▶ **WHAT YOU HAVE TO DO**: Everything from the line holding "太陽の日周運動の学習です。太" through the end of the records should be printed exactly, apart from the pictures.

---------------

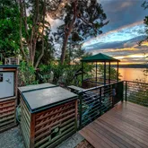 - Site Features: Cabana/Gazebo, Cable TV, Deck, Dock, Dog Run, Fenced-Partially, Gas Available, Green House, High Speed Internet, Moorage, Outbuildings, Patio, Shop
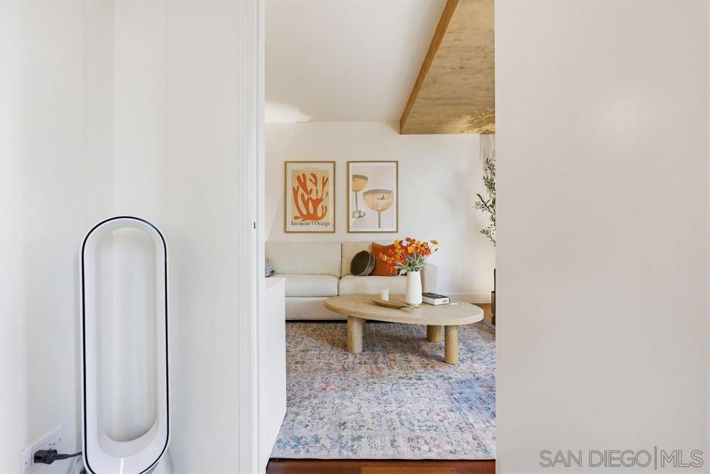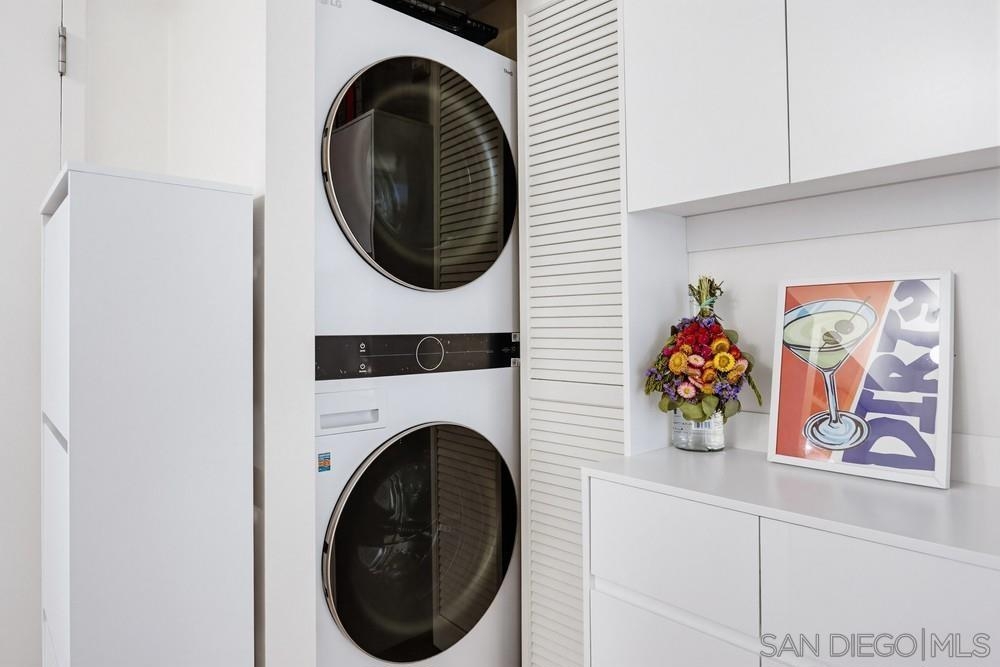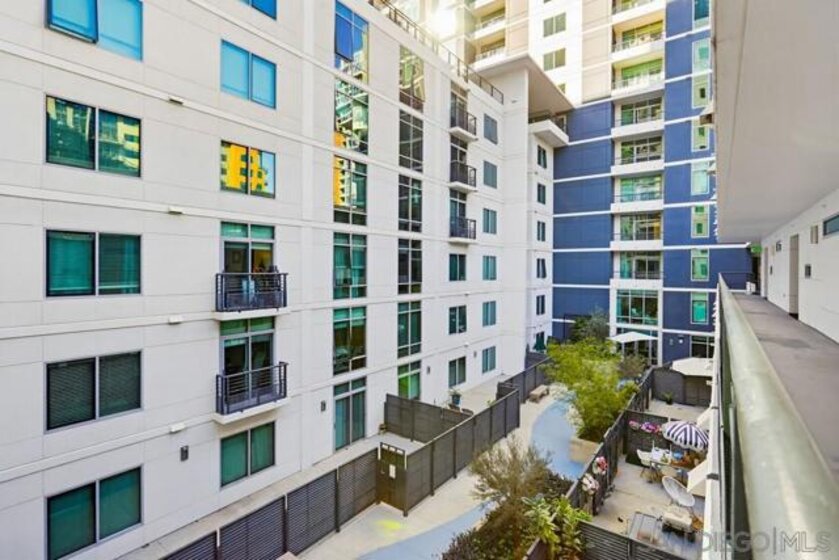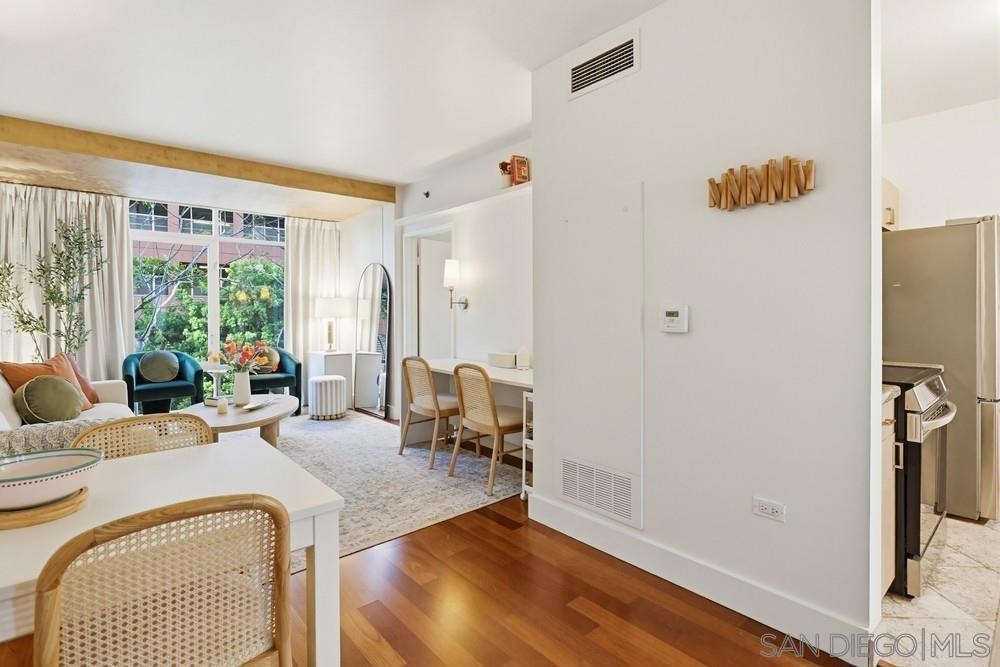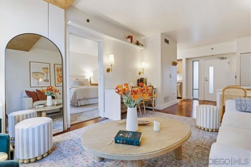 Sophisticated and serene, this private and quiet 4th-floor residence has been thoughtfully upgraded and features all-new LG appliances (Sept. 2024), including an induction range, refrigerator with ice maker and filtered water, microwave, quiet dishwasher, and in-unit washer and dryer—all included. Additional updates include a new garbage disposal (2026), hardwood flooring in the main living areas, travertine bedroom flooring, fresh paint, custom ceiling details, built-in shelving, light dimmers, blackout drapes, air conditioning, and a custom Elfa closet system with lighting. The upgraded kitchen showcases modern cabinet hardware, trash pull-out, and contemporary lighting, while the bathroom offers new fixtures, a large modern mirror, shelving, luxury filtered shower head, and dimmer lighting. Acqua Vista delivers resort-style amenities including valet parking, rooftop pool and spa, fitness center, BBQs, fire tables, EV charging, Amazon lockers, bike storage, full-time security, 24-hour concierge, and an on-site HOA manager, with additional parking available. Steps from the Little Italy Farmers Market, top-rated dining, and the waterfront, this home is ideal as a primary residence, second home, or investment opportunity.
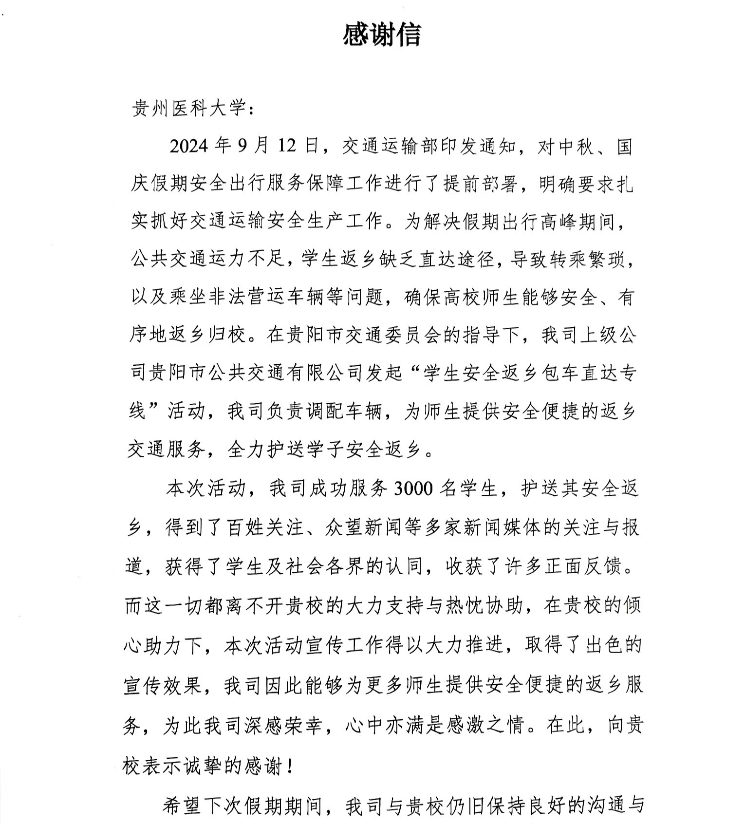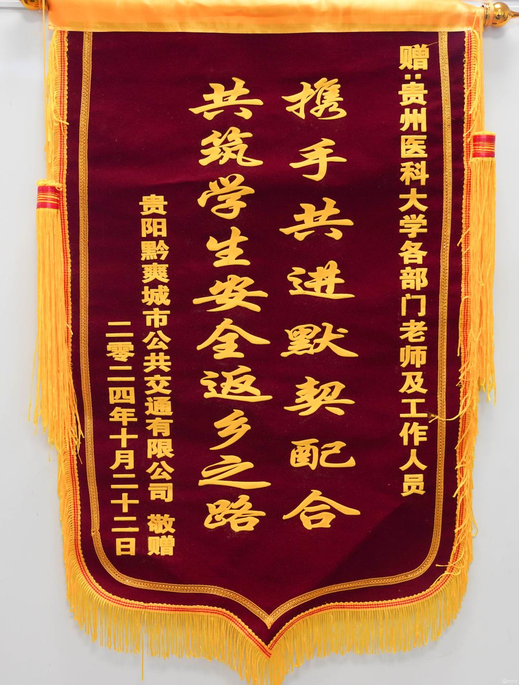 10月24日,beat365收到来自贵阳黔爽城市公共交通有限公司感谢信和锦旗,感谢beat365在中秋、国庆假期对“学生安全返乡包车直达专线”活动的大力支持和热忱协助,为全力护航学子平安便捷出行、运输畅通有序提供有力安全保障。
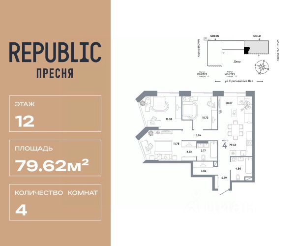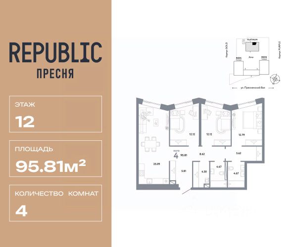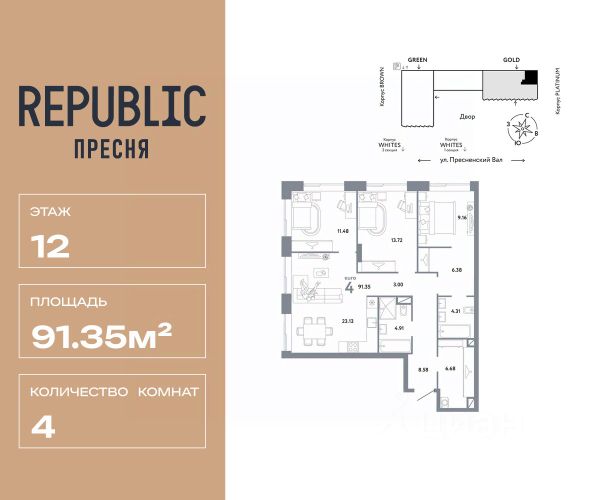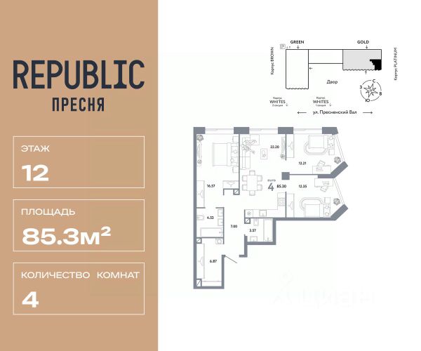 В продаже 4-комнатная квартира квартира в элитном квартале "Тишинский бульвар". Общая площадь квартиры - 177.50 кв.м. Этаж 12 из 14. Корпус Ивовый 6. "Тишинский бульвар" - тихий зелёный элитный квартал на Тишинке, в престижном и комфортном районе центра Москвы. В нём создан уникальный для элитного дома прогулочный бульвар в своём огромном парке 1,9 га. В парке оборудованы зоны для активного и тихого отдыха, крытые галереи, приватные зелёные комнаты, многофункциональная спортивная площадка, воркаут-зона, детская площадка, сухой фонтан, ручей. В пешей доступности Римско-католический кафедральный собор. Всего в полутора километрах от квартала находятся Патриаршие пруды - излюбленное место для летних прогулок, воскресных бранчей и романтических ужинов. Белая площадь расположена ещё ближе - на расстоянии 1,2 километра. Это точка концентрации деловой жизни и модных ресторанов. В "Тишинский бульваре" только для жителей и их гостей создан уникальный для элитного дома прогулочный бульвар в собственном огромном парке площадью 2,1 га, который занимает 70% территории квартала. Бульвар проходит через весь квартал и объединяет в общее пространство три двора: Кленовый, Рябиновый и Ивовый. В парке созданы крытые галереи и приватные зелёные комнаты для отдыха и медитаций в любую погоду. Насыщенное озеленение многолетними растениями с разными периодами цветения сохраняет территорию квартала красивой круглый год. В квартале насыщенная инфраструктура только для жителей, включая Clubhouse. Здесь оборудованы пространства для здорового образа жизни по стандарту FIT LAB: в парке - многофункциональная спортивная площадка, воркаут-зона, место для занятий йогой и медитации; бесплатный фитнес-клуб с бассейном. Для маленьких жителей доступны детская площадка и игровая комната по стандарту KIDS LAB. Дома оснащены самыми полными и лучшими системами.
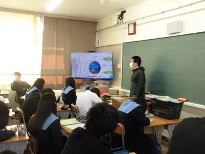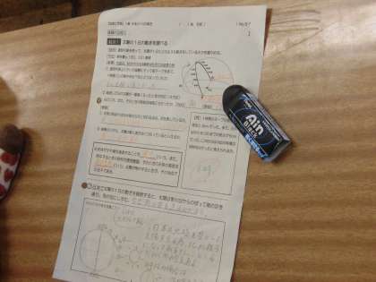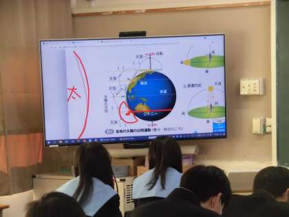 太陽の日周運動の学習です。太陽が、日本での動きだけでなく、場所が変われば違うことが分かったでしょうか。
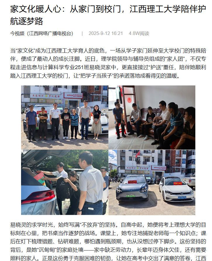 门的特殊陪伴,便成了最动人的成长注脚。近日,理学院领导与辅导员组成的“家人团”,不仅专程走进信息与计算科学专业251班易晓灵家中,更直接接过“护送”重任,陪伴她顺利踏入金年会体育的校门,让“把学子当孩子”的承诺落地成看得见的温暖。
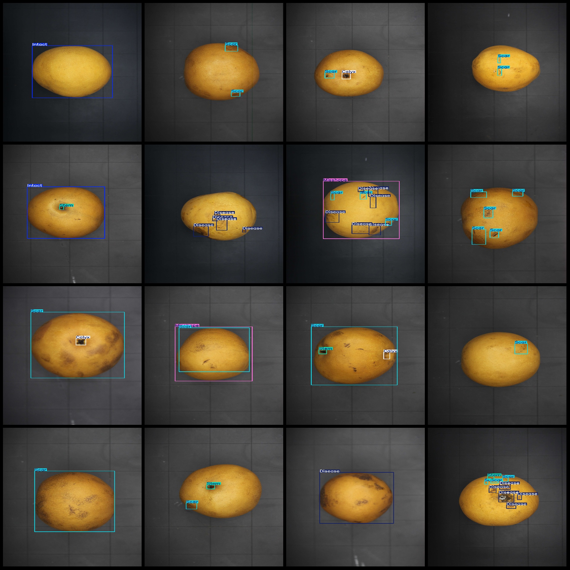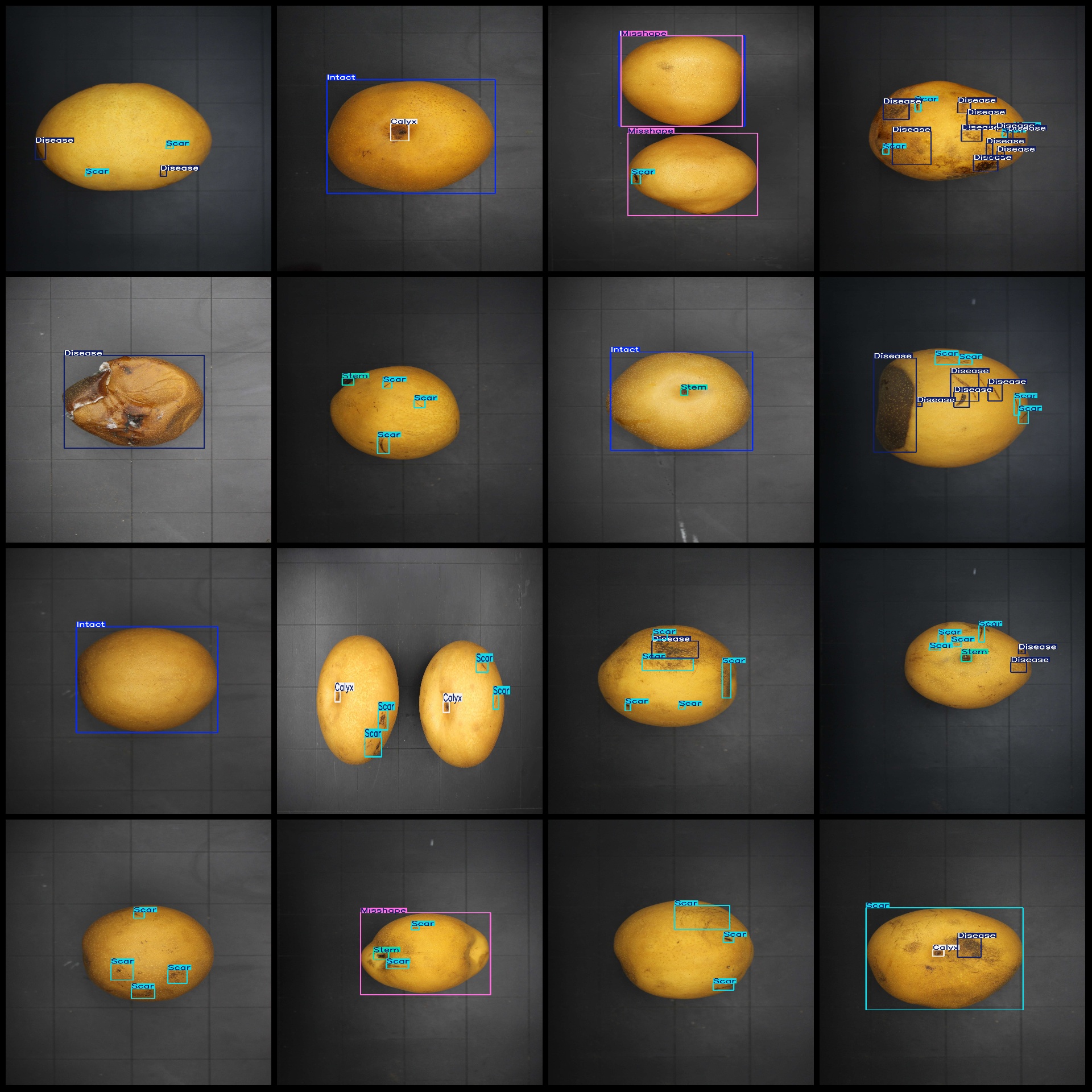 标注类别名称(注意yolo格式类别顺序不和这个对应,而以labels文件夹classes.txt为准):["Calyx","Disease","Intact","Miscolor","Misshape","Scar","Stem"]
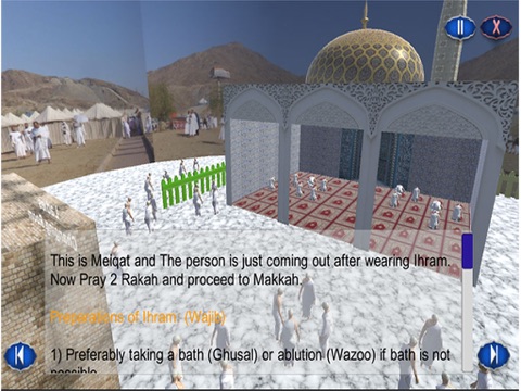 Virtual Umrah guide is the only 3D / 4D Islamic app that is a Hajj book or Hajj o Umrah teacher that teaches you obligations of Hajj in a thrilling Islamic virtual reality world. Learn how to perform Hajj o Umrah as you are doing it yourself in the fascinating virtual world. In this version, only the Hajj e Ifrad is included. But soon we are going to add Hajj e Tamattu, Hajj e Qiran and much more as well.
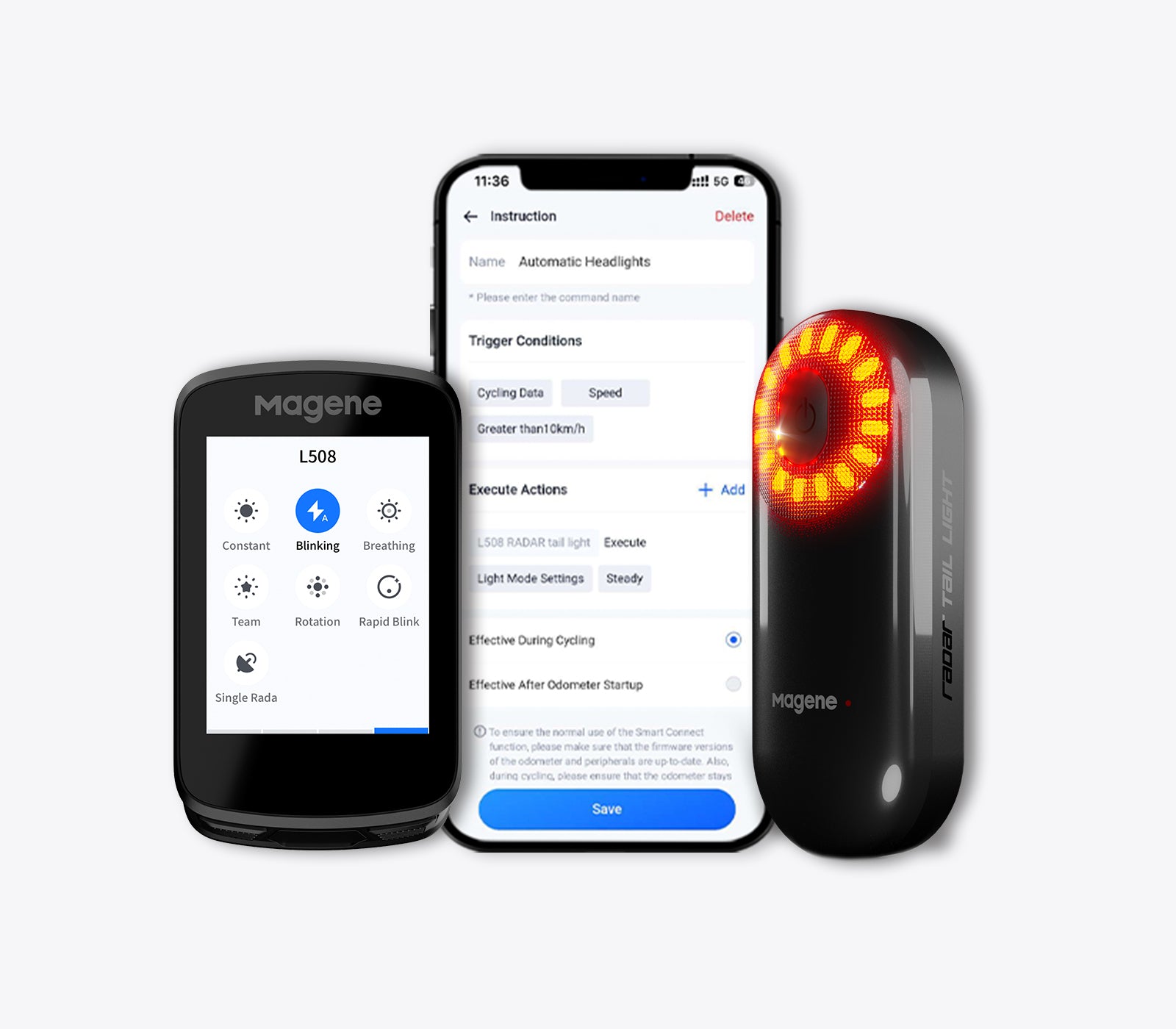 - Asistente de conducción inteligente : interacciones inteligentes con la luz trasera de radar Magene L508 y la luz trasera de expresión L308 para una mayor seguridad.
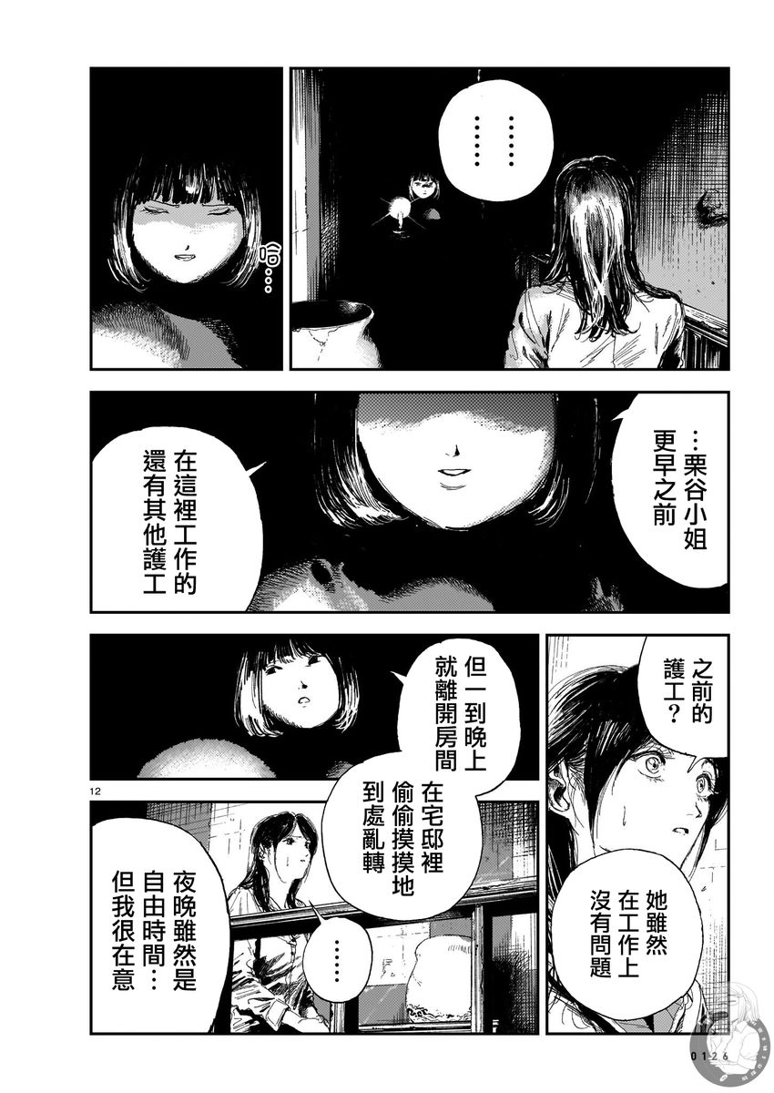 由护士转行为护工的栗谷茜,作为长卧不起的女性的帮手来到深山中的大宅进行护理服务。然而,名为妃倭子的女性,不知为何头套黑袋,肌肤颜色怪异,一声不吭动也不动。即便作为新人的茜想全力以赴,但内心的疑惑在不断绽——她,不是已经死了吗?让人不寒而栗、充满氛围的恐怖禁忌护理故事登场!

---------------

▶ **WRITTEN RESPONSE**:
 太陽の日周運動の学習です。太陽が、日本での動きだけでなく、場所が変われば違うことが分かったでしょうか。
 门的特殊陪伴,便成了最动人的成长注脚。近日,理学院领导与辅导员组成的“家人团”,不仅专程走进信息与计算科学专业251班易晓灵家中,更直接接过“护送”重任,陪伴她顺利踏入金年会体育的校门,让“把学子当孩子”的承诺落地成看得见的温暖。
 标注类别名称(注意yolo格式类别顺序不和这个对应,而以labels文件夹classes.txt为准):["Calyx","Disease","Intact","Miscolor","Misshape","Scar","Stem"]
 Virtual Umrah guide is the only 3D / 4D Islamic app that is a Hajj book or Hajj o Umrah teacher that teaches you obligations of Hajj in a thrilling Islamic virtual reality world. Learn how to perform Hajj o Umrah as you are doing it yourself in the fascinating virtual world. In this version, only the Hajj e Ifrad is included. But soon we are going to add Hajj e Tamattu, Hajj e Qiran and much more as well.
 - Asistente de conducción inteligente : interacciones inteligentes con la luz trasera de radar Magene L508 y la luz trasera de expresión L308 para una mayor seguridad.
 由护士转行为护工的栗谷茜,作为长卧不起的女性的帮手来到深山中的大宅进行护理服务。然而,名为妃倭子的女性,不知为何头套黑袋,肌肤颜色怪异,一声不吭动也不动。即便作为新人的茜想全力以赴,但内心的疑惑在不断绽——她,不是已经死了吗?让人不寒而栗、充满氛围的恐怖禁忌护理故事登场!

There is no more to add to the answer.